Gasunie, Greenpeace Energy Choose Suderburg as Windgas Location, Germany

Gasunie, Greenpeace Energy Choose Suderburg as Windgas Location

Greenpeace Energy and Gasunie will set up their ‘Windgas’ production location in the municipality of Suderburg, approximately eighty kilometres south of Hamburg.

“Due to its position and infrastructure, this location provides ideal conditions for the production of windgas”, says Dr. Steffen Welzmiller, director of the German energy company Greenpeace Energy. “Suderburg is to become an important building block in the Energiewende (energy transition).”

Greenpeace Energy and Gasunie are planning bring the installation and injection facilities into operation by the end of 2013. Gasunie’s subsidiary company, Gasunie Deutschland, which is responsible for operating a 3000 kilometre long gas transport network in North Germany, will be injecting hydrogen gas into its high-pressure network.

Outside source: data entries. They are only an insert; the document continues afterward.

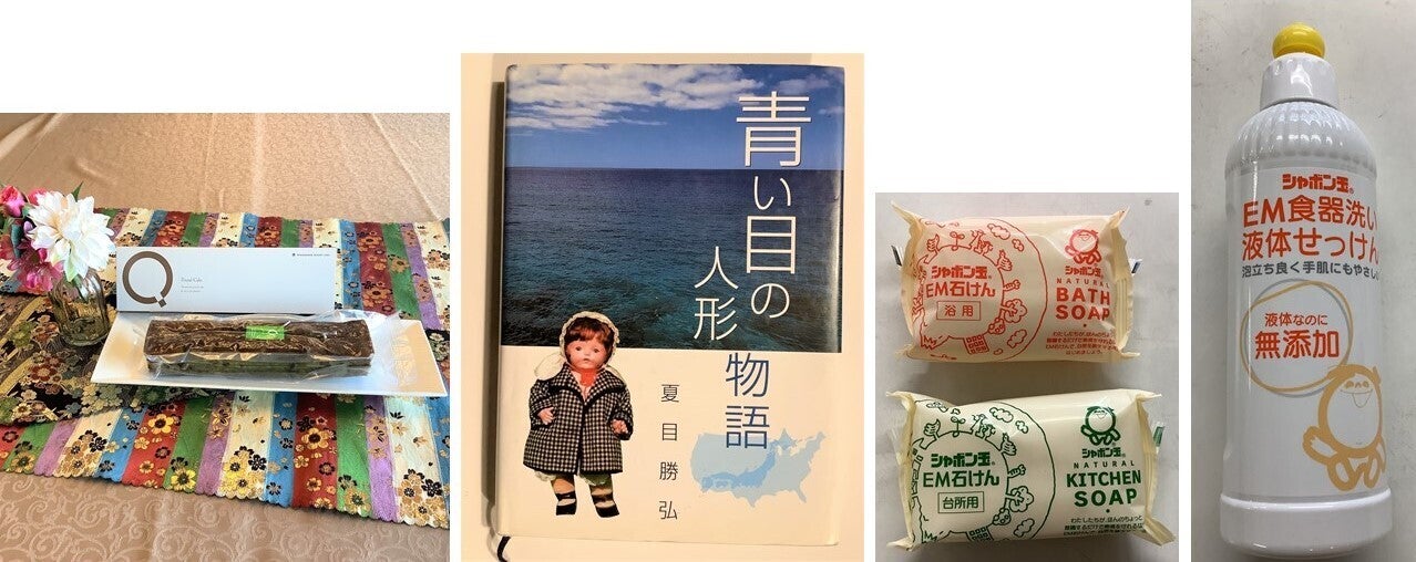●30,000円 お礼状、三河湾リゾートリンクス ホテル特製抹茶パウンドケーキ、『青い目の人形物語』夏目勝弘(成工社 出版部)、EM固形けん(浴用・台所用)&EM食器洗い液体せっけん、コンサート付展示会招待券(3名分)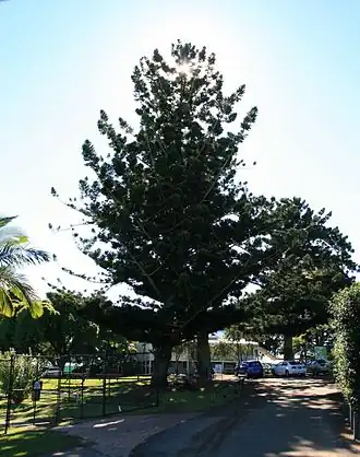 The two Hoop Pines (Araucaria cunninghamii) are located within the grounds of St Paul's Anglican School, Strathpine Road, Bald Hills. They are situated at the end of the school's main driveway, framing the entrance to the school's Administration Building, which is a late 19th/early 20th century former farmhouse.[1]
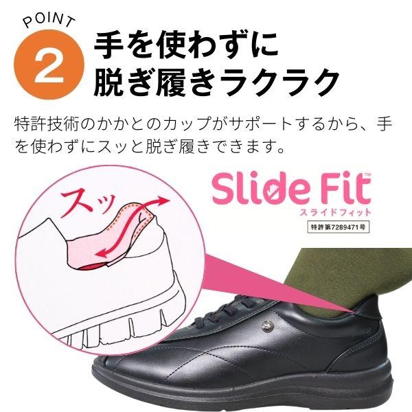 スライドフィットシューズは、かかとのカップがサポートすることで、手を使わずスッと脱ぎ履きができるスライドフィットを搭載。
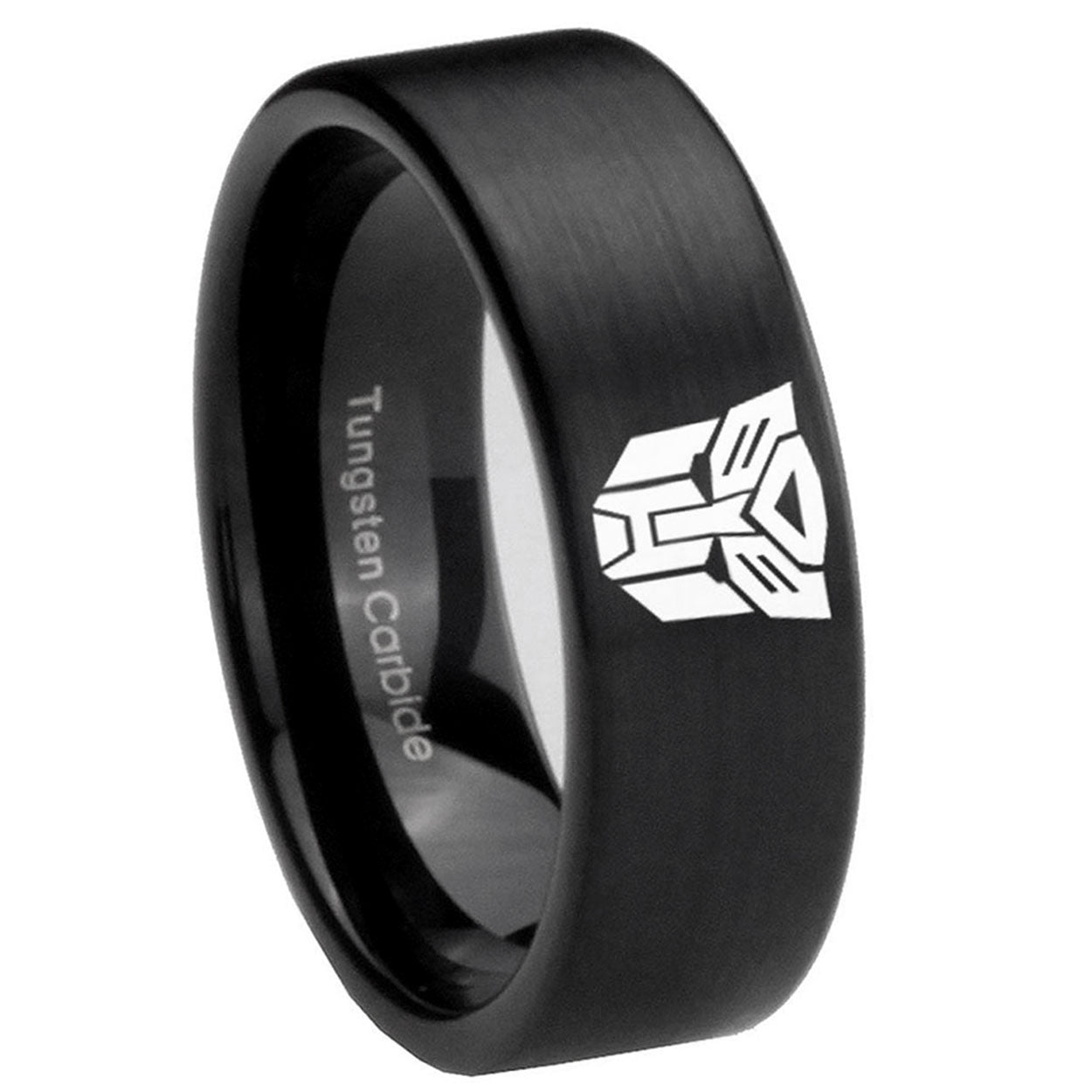 Intruding 6, 8mm Transformers Autobot Pipe Cut Brush Black Tungsten Wedding Band Ring . Offer in both 6mm and 8mm band width brushed black plated finished from size 5 to 14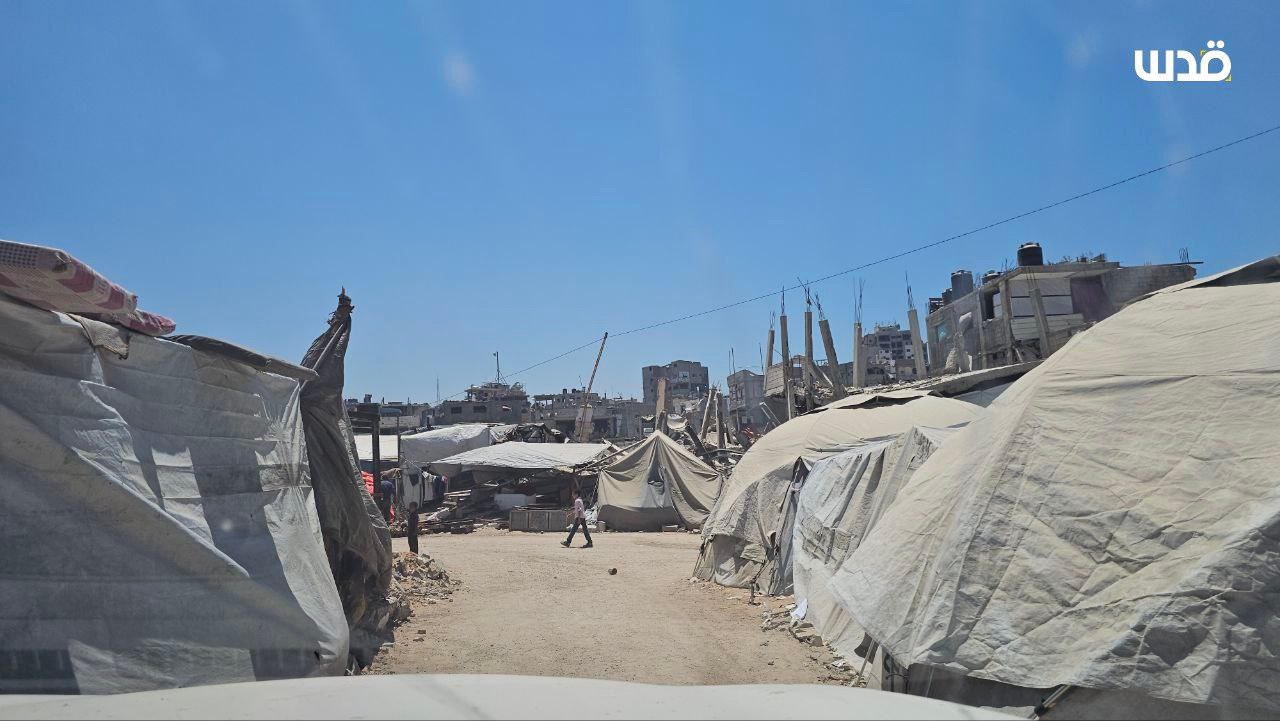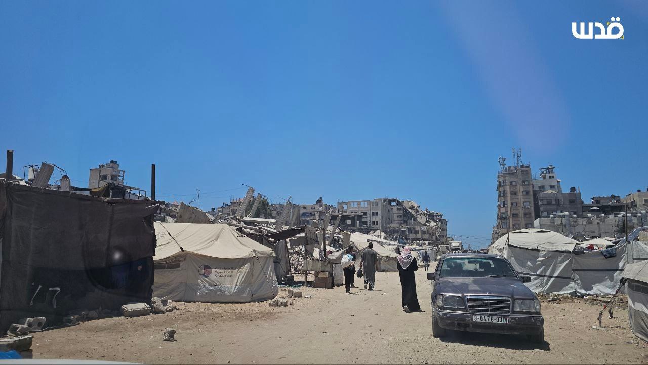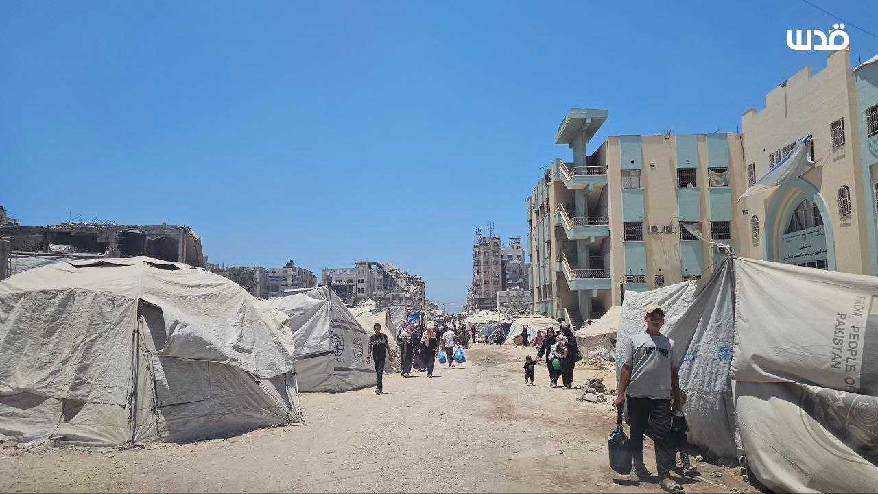 هكذا اصبحت الشوارع محيط مستشفى الرنتيسي للأطفال بمنطقة النصر بمدينة غزة بعد اكتظاظ مراكز الإيواء حيث باتت الخيام تنصب في الشوارع والطرقات. On يونيو 25, 2025
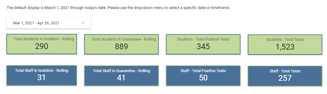 Since March 1, there have been 345 students who tested positive for the virus and 50 staff who tested positive, according to Harford County Public Schools, which reported Friday that more than 880 students were in quarantine while almost 300 were in isolation.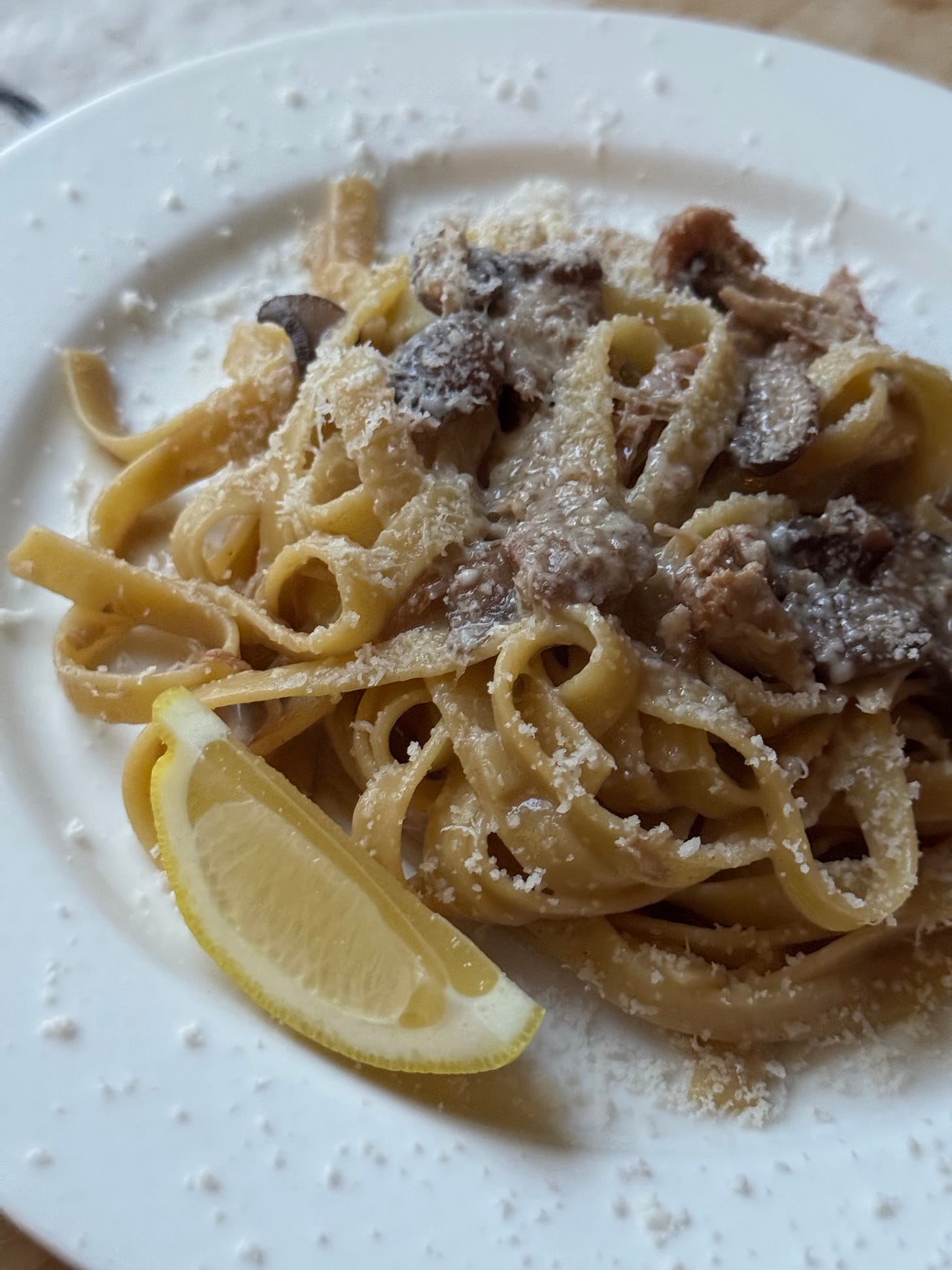 Italian-American classics offer comfort in the darkest days of winter. My desire was to create a sauce, rich and complex with a suggestion of depth and efficiency in mind. Welcome, chicken Marsala ragù. Chicken thighs caramelize in a dutch oven creating a base for thinly sliced cremini mushrooms to be cooked in. In a stroke of genius I remembered that soy sauce bolsters the natural umami in mushrooms, while fish sauce heightens meatiness. I’ve replaced any cream or starchy roux with crème fraîche. A generous amount of black pepper at the end rounds everything out and I insist on serving the pasta with a wedge of lemon countering the absence of daylight.

“The combination of innovative products for the energy market with reliable technologies and efficient infrastructure offers solutions for the future. The infrastructure for natural gas has the potential for giving optimal support to the Energiewende,” says Jens Schumann, director of Gasunie Deutschland. The term ‘Energiewende’ refers to the German government’s decision in June 2012 to abandon nuclear power and to move at an accelerated pace towards creating a sustainable energy supply.

Earlier this year, Greenpeace Energy and Gasunie agreed to make ‘windgas’ possible together. Using this innovative technology, Greenpeace Energy will turn sustainable wind energy into hydrogen gas, which can then be injected into Gasunie’s gas infrastructure in North Germany.

Gas is easy to store for later use and is, moreover, the most economical form of energy transport. In this way, temporary surpluses of wind energy can be stored for later use. This will prevent overburdening electricity networks while the wind turbines can continue to turn. This combination between wind and gas will place the natural gas infrastructure in a new role: as an efficient and robust storage and transport medium for sustainable energy.

For the supply of electricity generated from wind and solar power fluctuates hugely, depending on the weather conditions. Sometimes there is too much and sometimes too little. Windgas (also known as ‘power-to-gas’) provides an efficient solution to this, through the use of existing gas infrastructure. And vice versa: the gas system is available through gas power plants which can be quickly fired up to provide back-up when sustainable sources fail due to the weather conditions (‘gas-to-power’).